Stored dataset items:
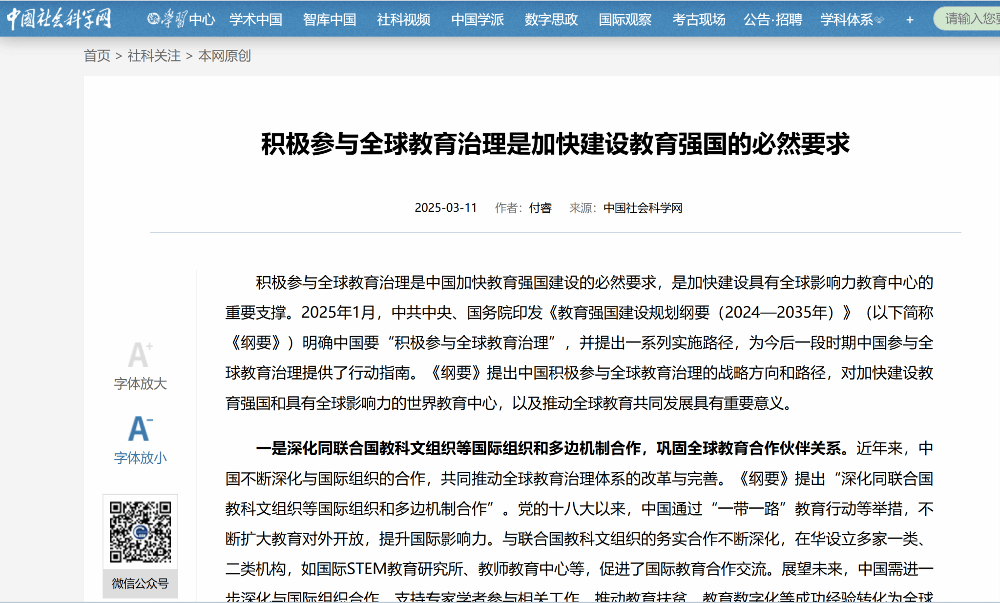 中国社会科学网丨付睿:积极参与全球教育治理是加快建设教育强国的必然要求
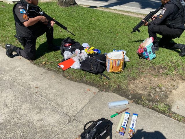 Agentes do Serviço Reservado e outros policiais seguiram para o endereço informado, onde encontraram cerca de meio quilo de pasta base de cocaína, 12 papelotes e três pinos de cocaína; duas embalagens de maconha embaladas à vácuo; 160 trouxas também de maconha, duas balanças digitais, quatro cadernos com anotações do tráfico e material para embalar drogas, além de uma capa de colete e duas placas balísticas de colete.
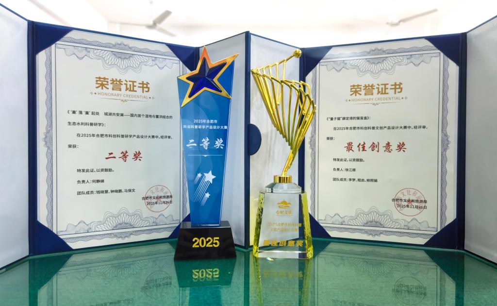 活动现场发布了2025年合肥科创科普研学产品设计大赛与文创产品设计大赛评选结果。其中文化创意学院教师何静娣、钱晓慧、钟晓鹏、马保文团队作品《“巢”落“巢”起处,城湖共安澜——国内首个生态与蓄洪相结合的水利科普研学》,以排名第二的成绩荣获研学产品设计大赛二等奖,文化创意学院师生程启、柳照娟携手学生徐江顺、李梦打造的作品《“量子猫”薛定谔的猫盲盒》,荣获文创产品设计大赛最佳创意奖。
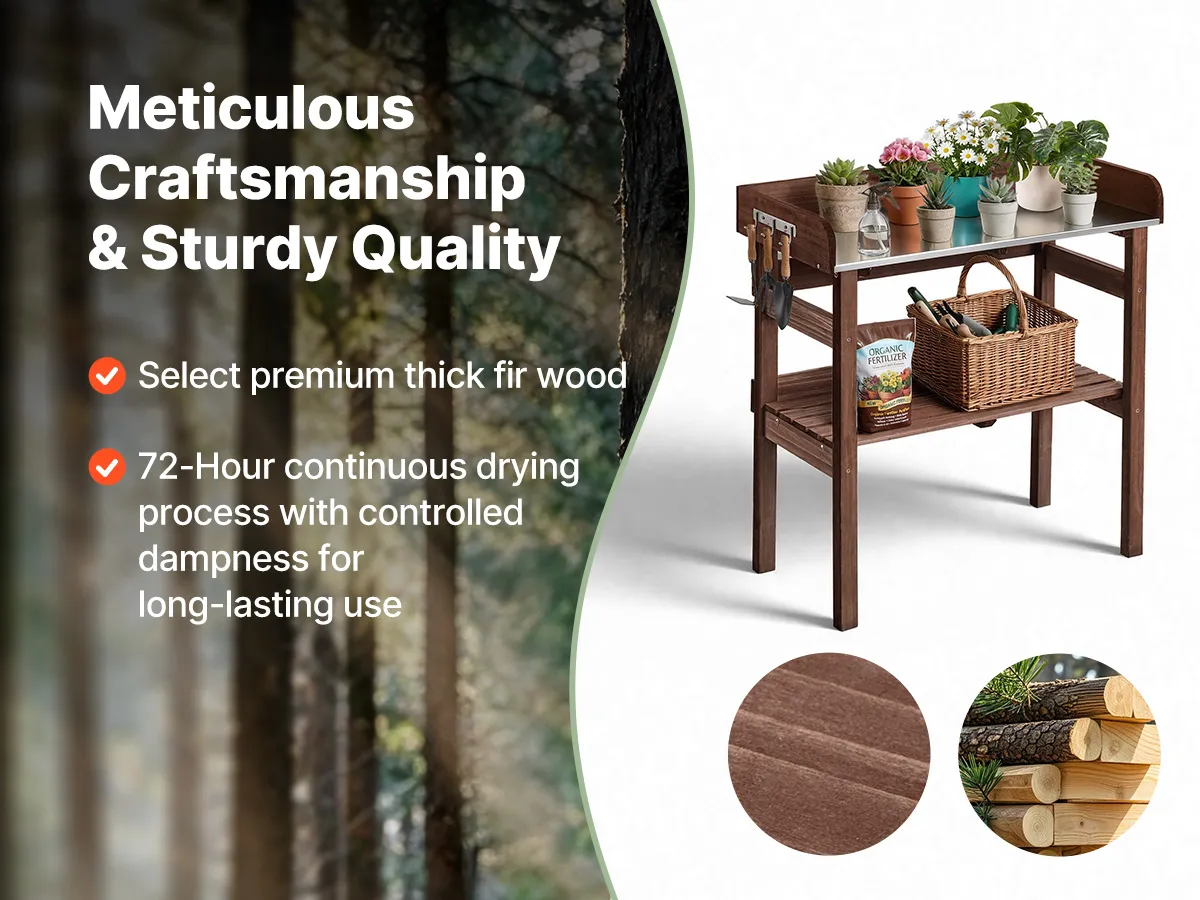 VEVOR Plantentafel, Tuintafel, Werktafel met Groot Houten Blad, Planken & Haken, Bloementafel, Buitentafel voor het oppotten van planten, ideaal voor Terras, Tuin & Balkon, Bruin, 780x380x820 mm
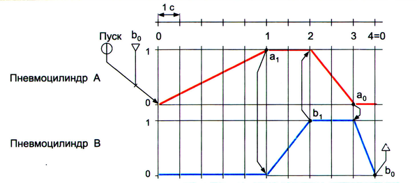 На диаграмме слева от каждой графической строки проставляют индекс устройства, изменение состояний которого она отображает (пневмоцилиндры А и В).
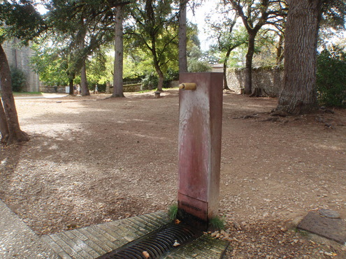 A Lhospitalet-Rocamadour, au Parc du Château, fontaine avec arceaux vélos à proximité, à 1km de la place de l’Europe (carrefour D653-D32, gariotte), et du parcours de la Véloroute La Vagabonde V87
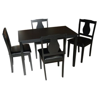 Add a stylish touch to your kitchen with this five-piece dining set. A black finish highlights this table and set of four, upholstered chairs.
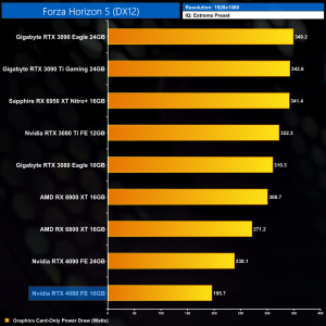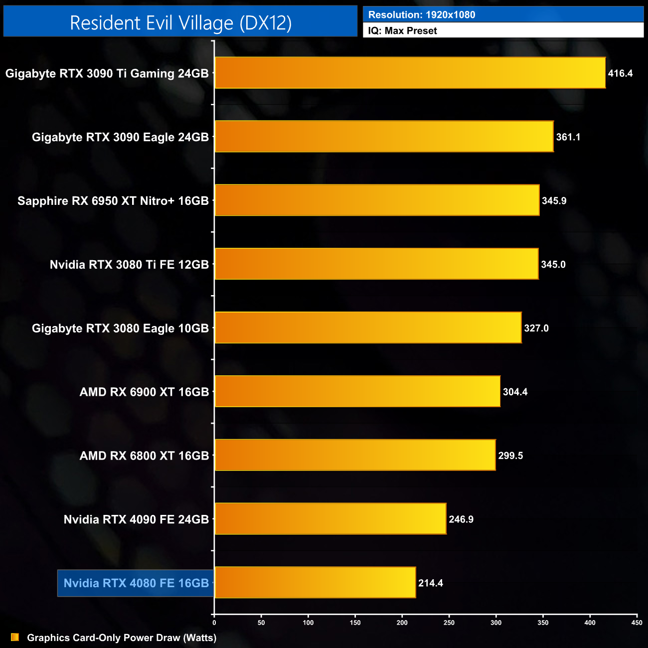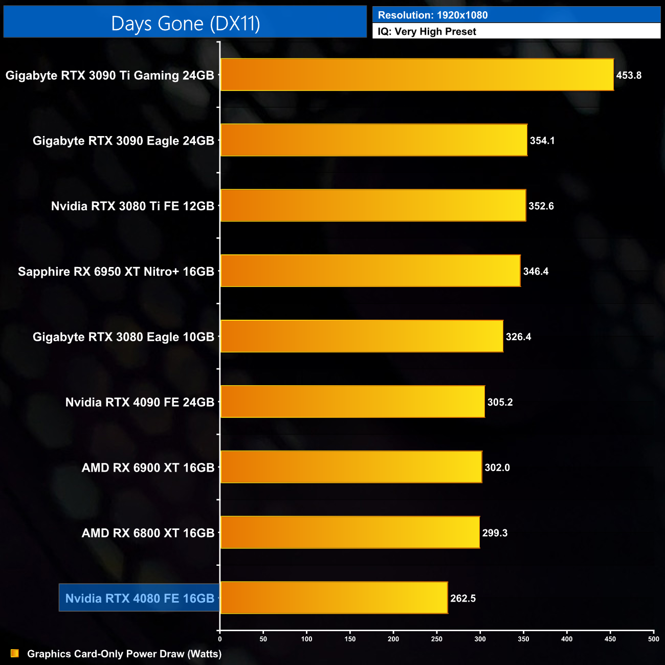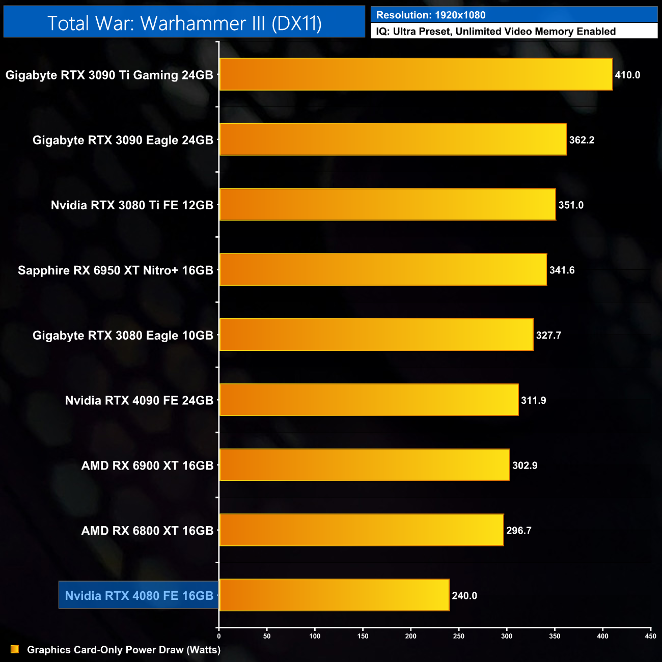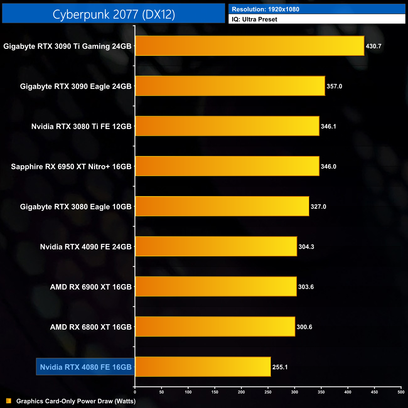 The RTX 4080 is a remarkably frugal GPU. Granted, at 1080p we don't get the most of it in terms of performance and it is often CPU limited, but power draw is still well below the rated TGP, averaging 228W over the twelve games we tested.
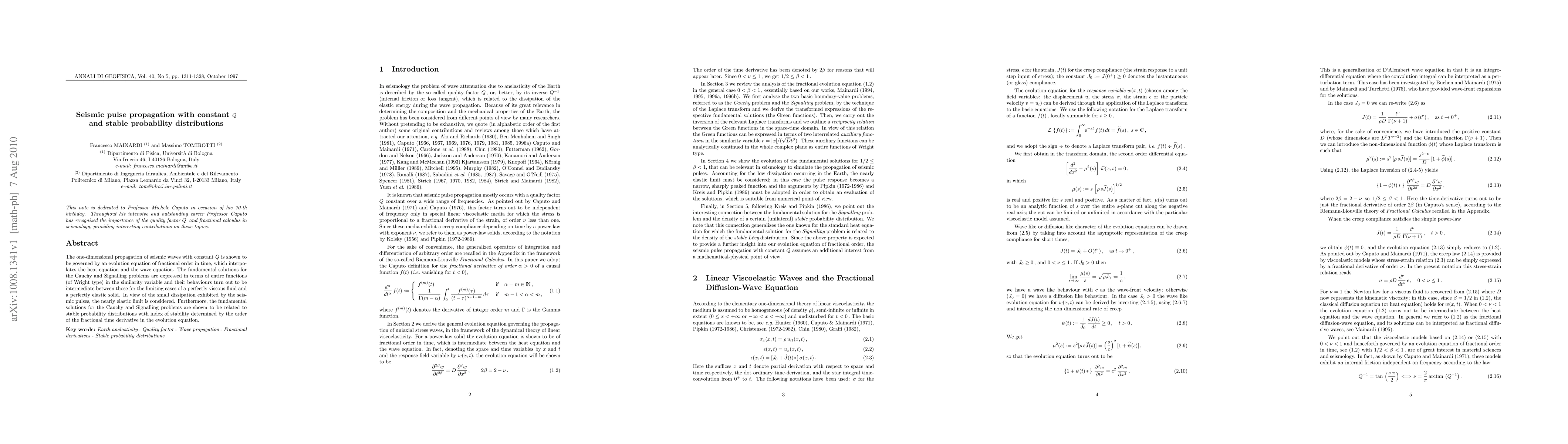 Seismic waves with constant Q exhibit behavior between a viscous fluid and an elastic solid, with fundamental solutions related to stable probability distributions.

= Problem requirements =
Go through the entries above and write them out again exactly, images left behind.

= Answer box =
 中国社会科学网丨付睿:积极参与全球教育治理是加快建设教育强国的必然要求
 Agentes do Serviço Reservado e outros policiais seguiram para o endereço informado, onde encontraram cerca de meio quilo de pasta base de cocaína, 12 papelotes e três pinos de cocaína; duas embalagens de maconha embaladas à vácuo; 160 trouxas também de maconha, duas balanças digitais, quatro cadernos com anotações do tráfico e material para embalar drogas, além de uma capa de colete e duas placas balísticas de colete.
 活动现场发布了2025年合肥科创科普研学产品设计大赛与文创产品设计大赛评选结果。其中文化创意学院教师何静娣、钱晓慧、钟晓鹏、马保文团队作品《“巢”落“巢”起处,城湖共安澜——国内首个生态与蓄洪相结合的水利科普研学》,以排名第二的成绩荣获研学产品设计大赛二等奖,文化创意学院师生程启、柳照娟携手学生徐江顺、李梦打造的作品《“量子猫”薛定谔的猫盲盒》,荣获文创产品设计大赛最佳创意奖。
 VEVOR Plantentafel, Tuintafel, Werktafel met Groot Houten Blad, Planken & Haken, Bloementafel, Buitentafel voor het oppotten van planten, ideaal voor Terras, Tuin & Balkon, Bruin, 780x380x820 mm
 На диаграмме слева от каждой графической строки проставляют индекс устройства, изменение состояний которого она отображает (пневмоцилиндры А и В).
 A Lhospitalet-Rocamadour, au Parc du Château, fontaine avec arceaux vélos à proximité, à 1km de la place de l’Europe (carrefour D653-D32, gariotte), et du parcours de la Véloroute La Vagabonde V87
 Add a stylish touch to your kitchen with this five-piece dining set. A black finish highlights this table and set of four, upholstered chairs.
 The RTX 4080 is a remarkably frugal GPU. Granted, at 1080p we don't get the most of it in terms of performance and it is often CPU limited, but power draw is still well below the rated TGP, averaging 228W over the twelve games we tested.
 Seismic waves with constant Q exhibit behavior between a viscous fluid and an elastic solid, with fundamental solutions related to stable probability distributions.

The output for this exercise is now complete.